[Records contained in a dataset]

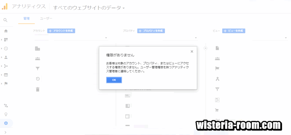 お客様は対象のアカウント、プロパティ、またはビューにアクセスする権限がありません。ユーザー管理権限を持つアナリティクス管理者に連絡してください。
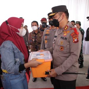 Serta malaksanakan peninjuan Vaksinasi Presisi dilanjutkan dengan penyerahan Dorprize kepada anak anak yang telah melaksanakan Vaksinasi dan penyerahan Bantuan Sosial kepada masyarakat yang telah melaksanakan Vaksinasi. (A. Rakhman Hudri)
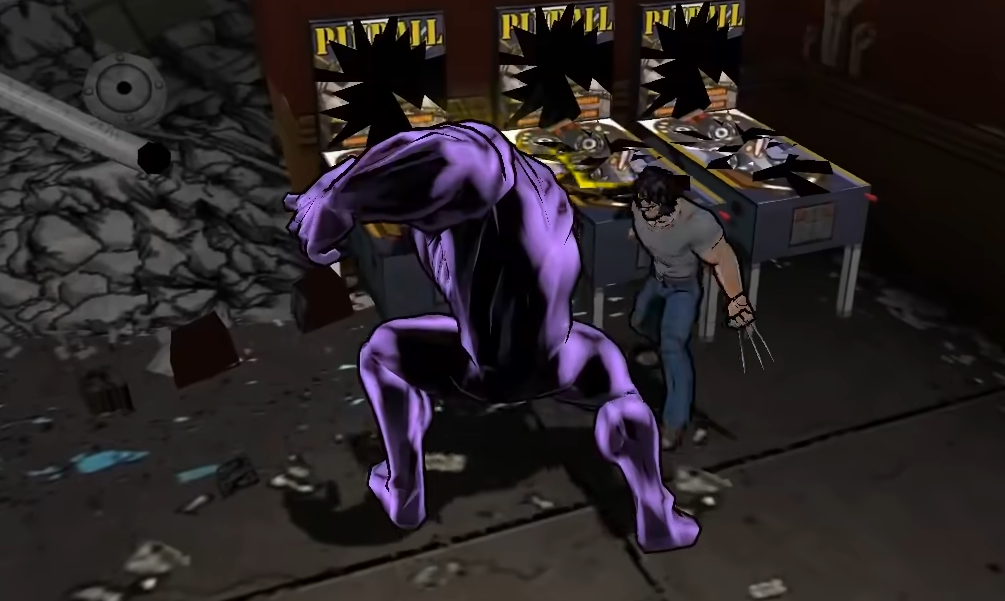 Johnny challenges Spider-Man to a race, which is just an excuse to teach you more mechanics. Then Spider-Man goes… somewhere? And the game switches to following Venom. We first return to the flashback, where we see Adrian Toomes watching the shootout, telling someone on the phone he saw “the suit.” Then Eddie narrates, saying he doesn’t know what happened, how long it’s been, or how he’s still alive, as Venom seems to consume a jogger in the park. Then the game teaches you how to play Venom a little, followed by an in-jokey reference to a much-hated aspect of the Spider-Man 2 game that has Venom feeding on a child?!?!?!, then fighting more random guys on roofs before beating up a motorcycle gang and going into their bar. you’ll never guess who’s inside. Really.
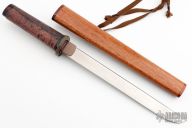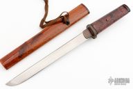 This Tanto by Kaji Customs features a hand rub satin finished blade with Hitatsura Hamon, .240" blade stock and 1.03" blade depth, hidden tang construction. The handle has a copper habiki, copper tsuba, ray skin grip with wood butt. Comes with wood saya. New from maker. The individual components of this knife are nice, but the fit up is a little loose.
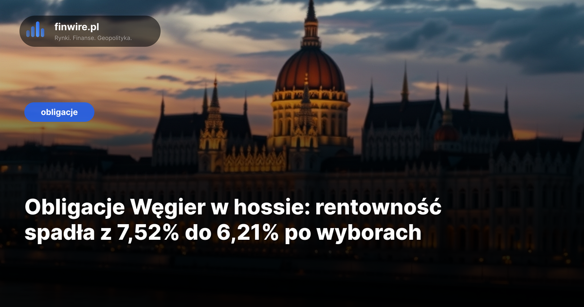 Rentowność 10-letnich obligacji węgierskich spadła z 7,52% do 6,21% w ciągu kilku dni - wg Bloomberga to najmocniejsza korekta od lat. Spread wobec niemieckich bundów znalazł się na pięcioletnim minimum. Stan na 16 kwietnia 2026 r.
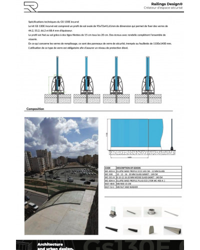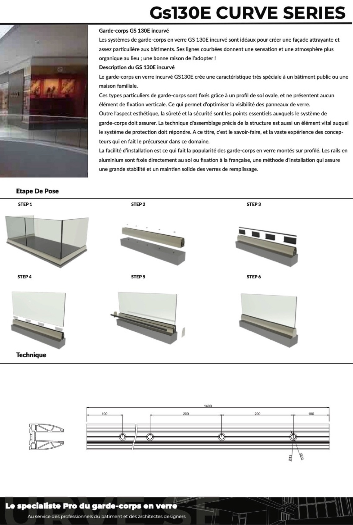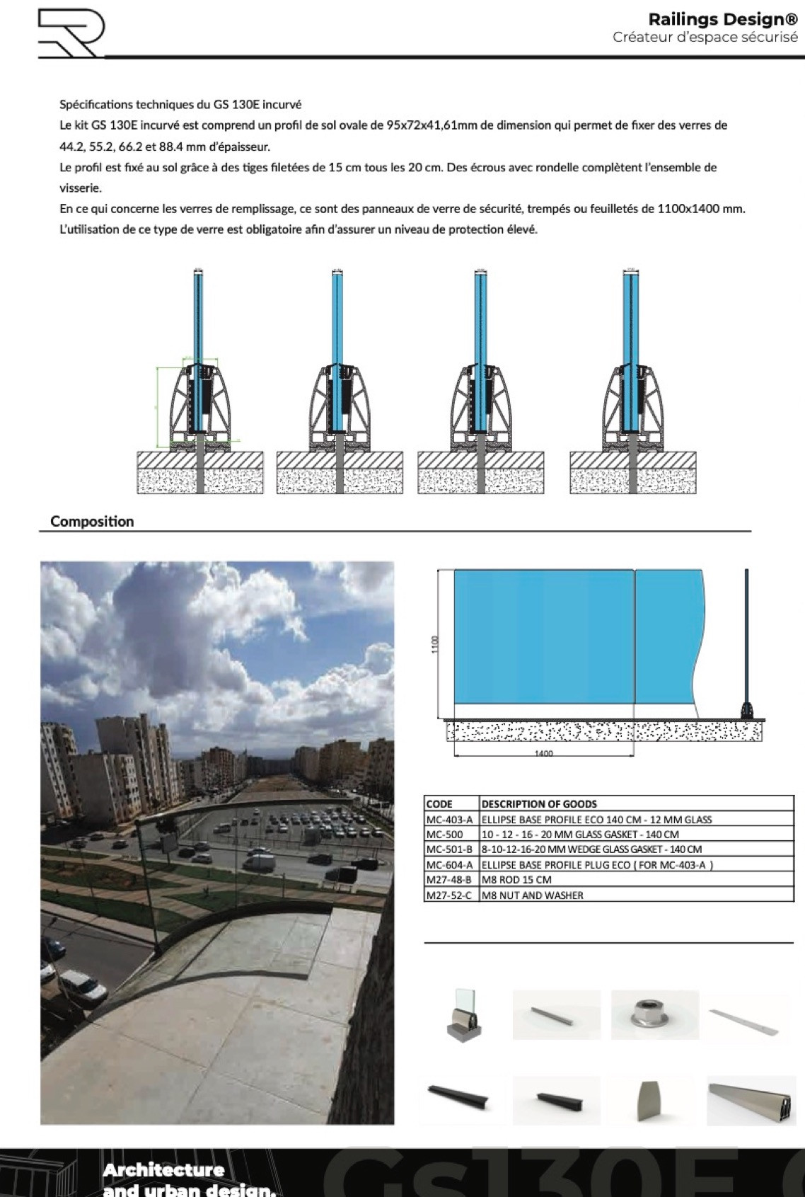 Do you dream of a glass railing that combines elegance, safety and originality, without sacrificing your budget? The GS130E Incurvé is the ideal solution. Its rounded shape adds a soft, modern touch to your space, while preserving the luminosity and unobstructed view that only glass can offer. Embellish your property with style and economy, and let light and softness into your everyday life.
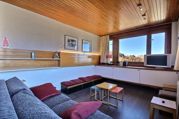 Appartement 2 pièces pour 4 personnes, orienté nord-est avec un balcon (très belle vue sur la station et le Mont-Blanc), 8ème et dernier étage
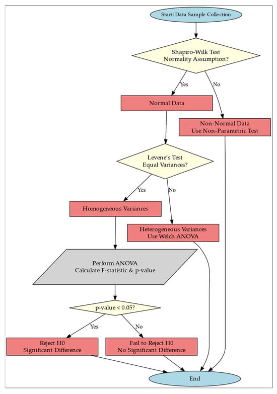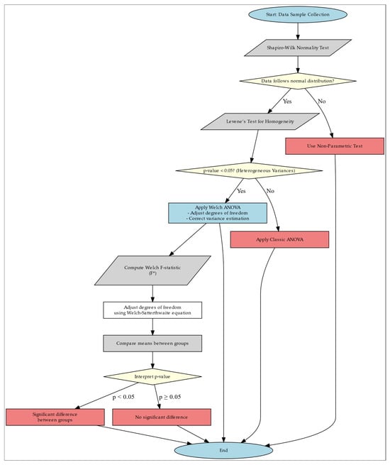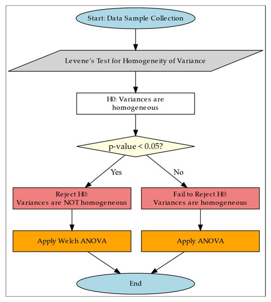 Figure 4 illustrates Levene’s test procedure using a flowchart. It begins with data collection and the test application under the null hypothesis (H0) that the variances between the groups are homogeneous. The p-value is then evaluated; if it is higher than or equal to 0.05, H0 is not rejected, concluding that the variances are equivalent, and an ANOVA can be used. In contrast, if p < 0.05, H0 is rejected, so the variances are significantly different; therefore, the Welch ANOVA test should be used.
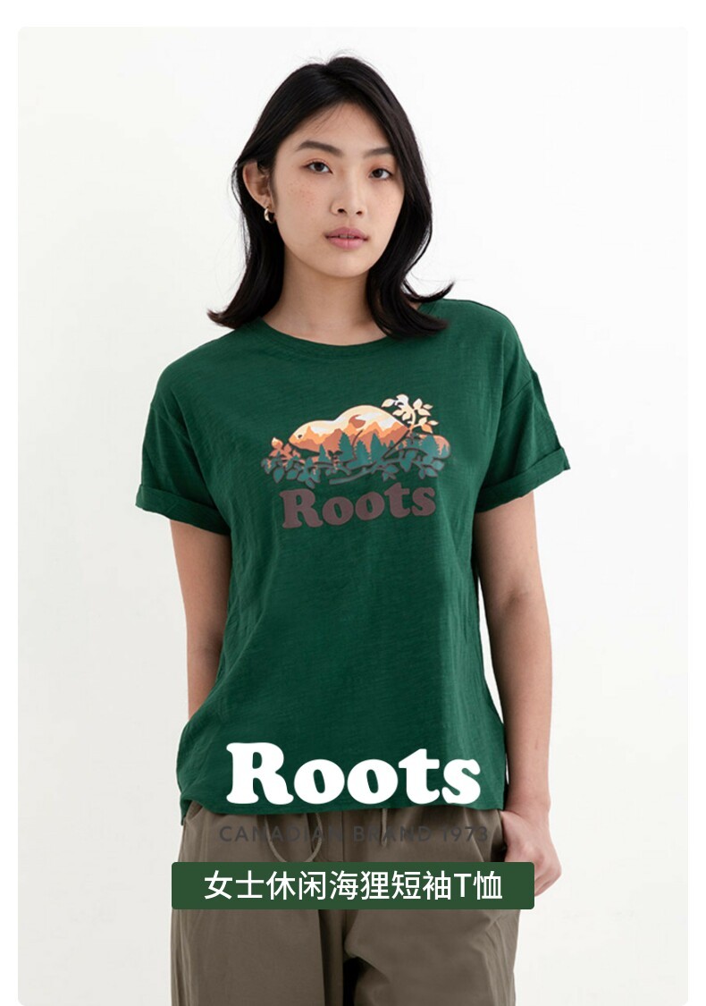 【2件9折】【ROOTS】女式休闲海狸短袖T恤
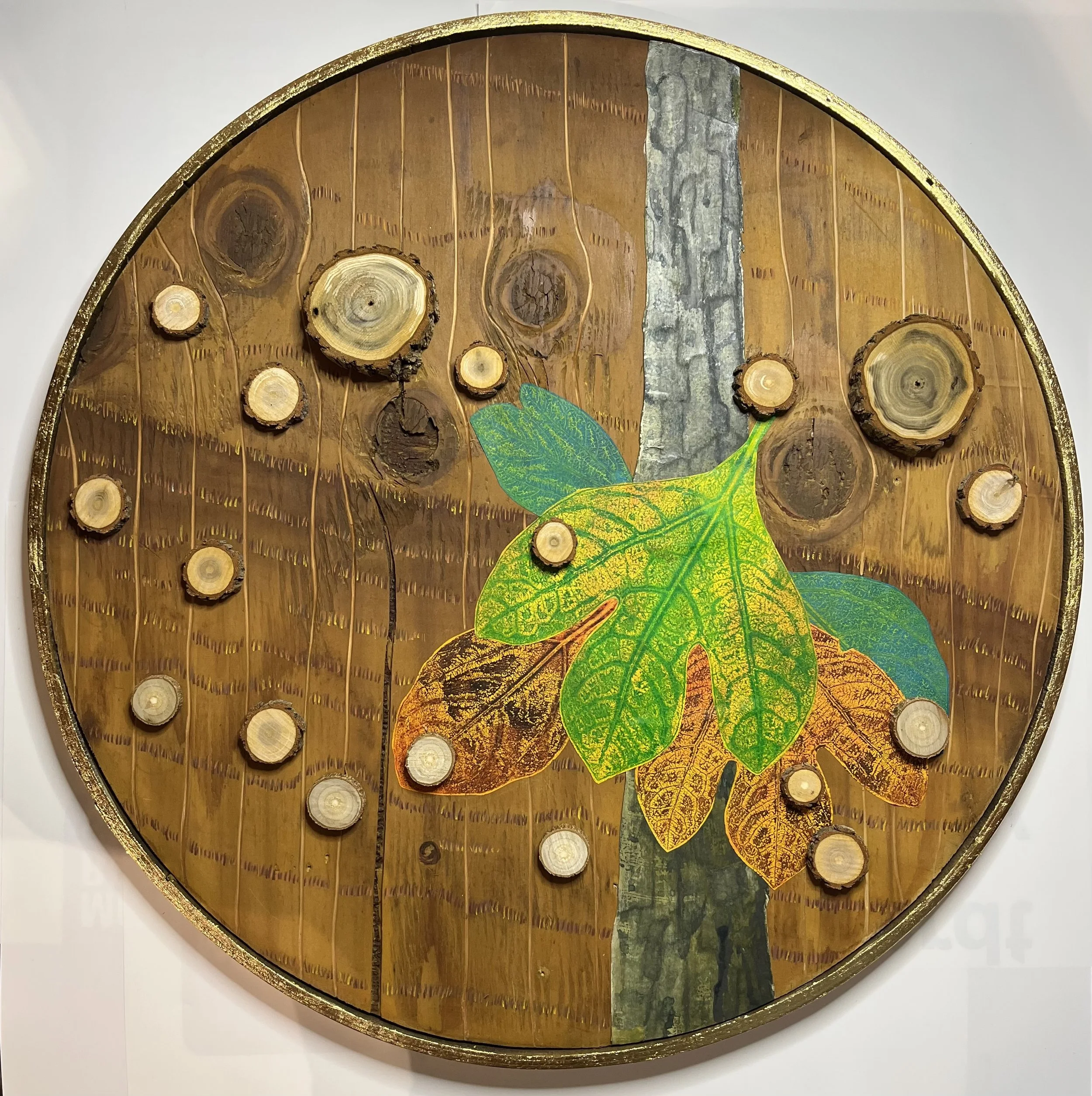 "Sassafras Wheel" 2025 Mixed media on reclaimed plywood; 18" diameter
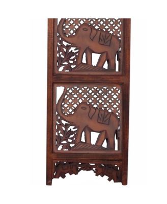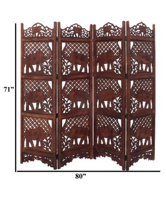 Hand carved 5-Panel Room Divider Gray 78.7"x65" Solid Mango Wood
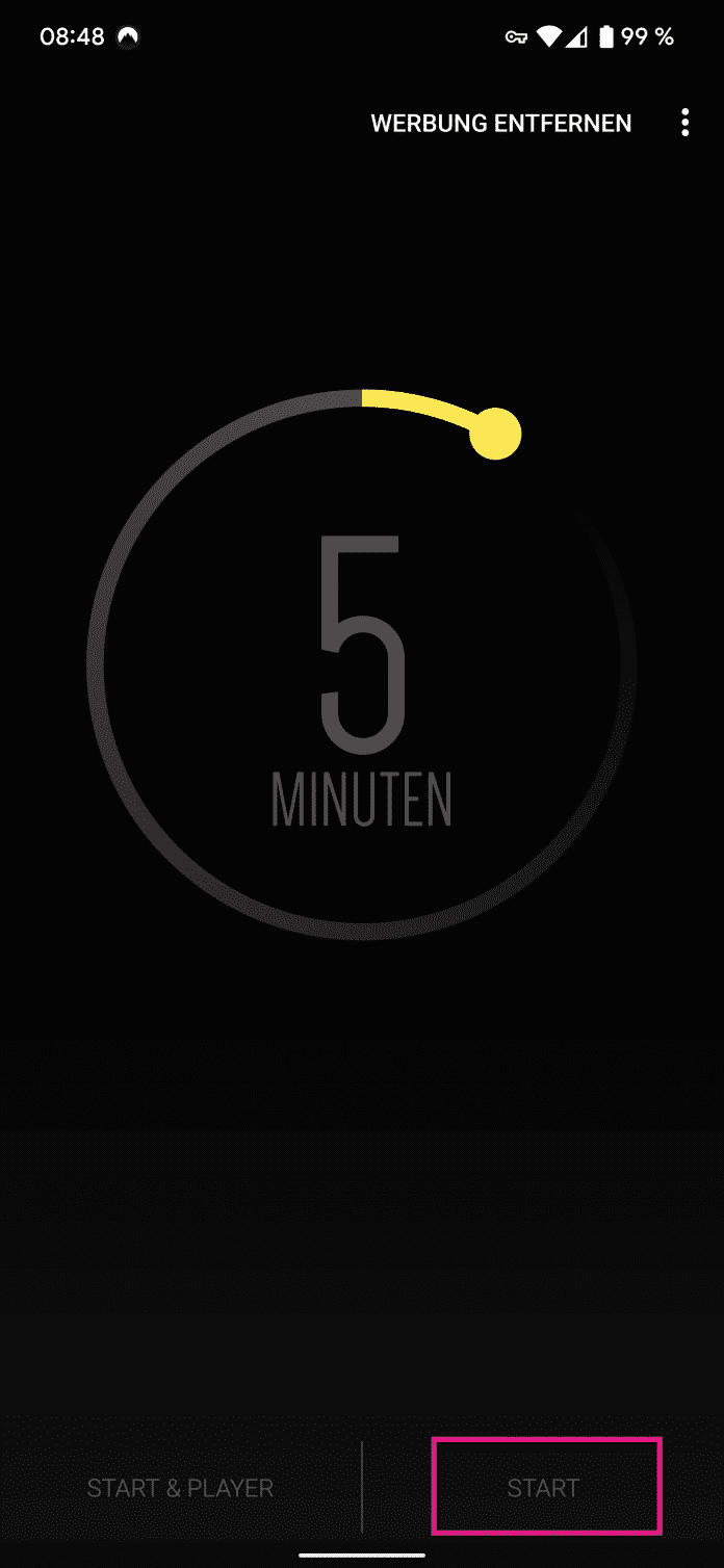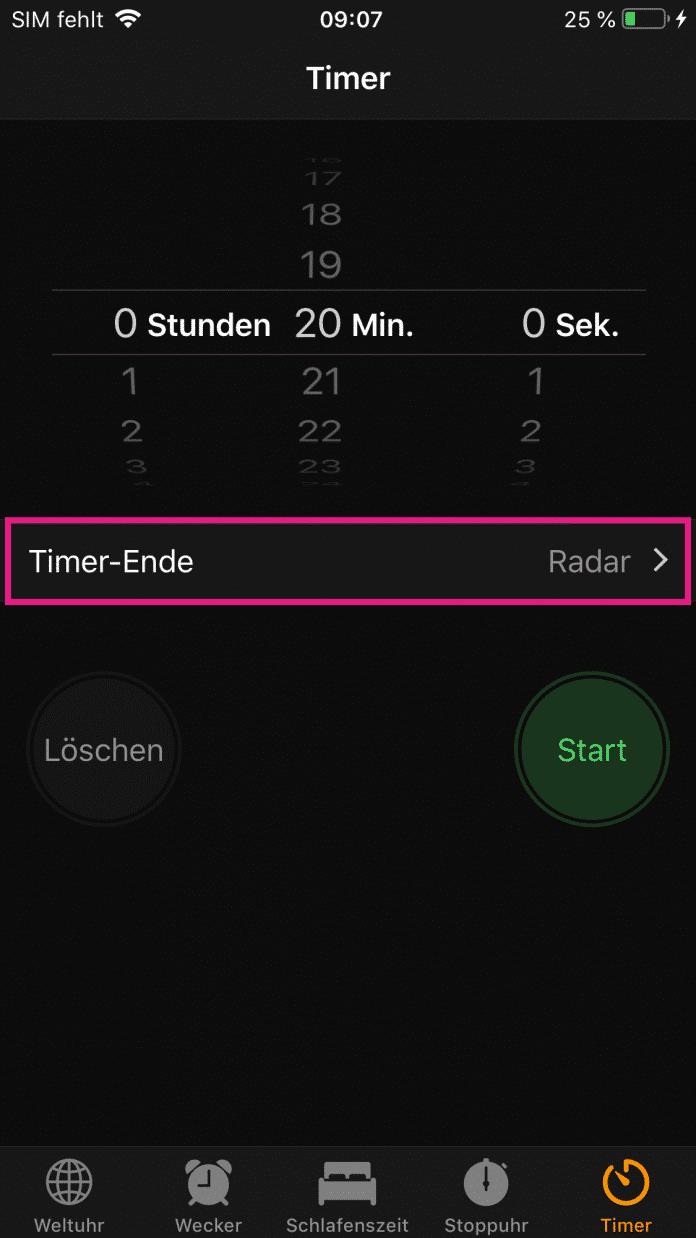 - Stellen Sie nun eine gewĂĽnschte Zeit fĂĽr Ihren Timer ein und tippen Sie danach unten rechts auf "Start".

- EXERCISE INSTRUCTIONS -
Each entry above should be reproduced exactly, with the pictures removed.

- RESULT OF THIS EXERCISE -
 お客様は対象のアカウント、プロパティ、またはビューにアクセスする権限がありません。ユーザー管理権限を持つアナリティクス管理者に連絡してください。
 Serta malaksanakan peninjuan Vaksinasi Presisi dilanjutkan dengan penyerahan Dorprize kepada anak anak yang telah melaksanakan Vaksinasi dan penyerahan Bantuan Sosial kepada masyarakat yang telah melaksanakan Vaksinasi. (A. Rakhman Hudri)
 Johnny challenges Spider-Man to a race, which is just an excuse to teach you more mechanics. Then Spider-Man goes… somewhere? And the game switches to following Venom. We first return to the flashback, where we see Adrian Toomes watching the shootout, telling someone on the phone he saw “the suit.” Then Eddie narrates, saying he doesn’t know what happened, how long it’s been, or how he’s still alive, as Venom seems to consume a jogger in the park. Then the game teaches you how to play Venom a little, followed by an in-jokey reference to a much-hated aspect of the Spider-Man 2 game that has Venom feeding on a child?!?!?!, then fighting more random guys on roofs before beating up a motorcycle gang and going into their bar. you’ll never guess who’s inside. Really.
 This Tanto by Kaji Customs features a hand rub satin finished blade with Hitatsura Hamon, .240" blade stock and 1.03" blade depth, hidden tang construction. The handle has a copper habiki, copper tsuba, ray skin grip with wood butt. Comes with wood saya. New from maker. The individual components of this knife are nice, but the fit up is a little loose.
 Rentowność 10-letnich obligacji węgierskich spadła z 7,52% do 6,21% w ciągu kilku dni - wg Bloomberga to najmocniejsza korekta od lat. Spread wobec niemieckich bundów znalazł się na pięcioletnim minimum. Stan na 16 kwietnia 2026 r.
 Do you dream of a glass railing that combines elegance, safety and originality, without sacrificing your budget? The GS130E Incurvé is the ideal solution. Its rounded shape adds a soft, modern touch to your space, while preserving the luminosity and unobstructed view that only glass can offer. Embellish your property with style and economy, and let light and softness into your everyday life.
 Appartement 2 pièces pour 4 personnes, orienté nord-est avec un balcon (très belle vue sur la station et le Mont-Blanc), 8ème et dernier étage
 Figure 4 illustrates Levene’s test procedure using a flowchart. It begins with data collection and the test application under the null hypothesis (H0) that the variances between the groups are homogeneous. The p-value is then evaluated; if it is higher than or equal to 0.05, H0 is not rejected, concluding that the variances are equivalent, and an ANOVA can be used. In contrast, if p < 0.05, H0 is rejected, so the variances are significantly different; therefore, the Welch ANOVA test should be used.
 【2件9折】【ROOTS】女式休闲海狸短袖T恤
 "Sassafras Wheel" 2025 Mixed media on reclaimed plywood; 18" diameter
 Hand carved 5-Panel Room Divider Gray 78.7"x65" Solid Mango Wood
 - Stellen Sie nun eine gewĂĽnschte Zeit fĂĽr Ihren Timer ein und tippen Sie danach unten rechts auf "Start".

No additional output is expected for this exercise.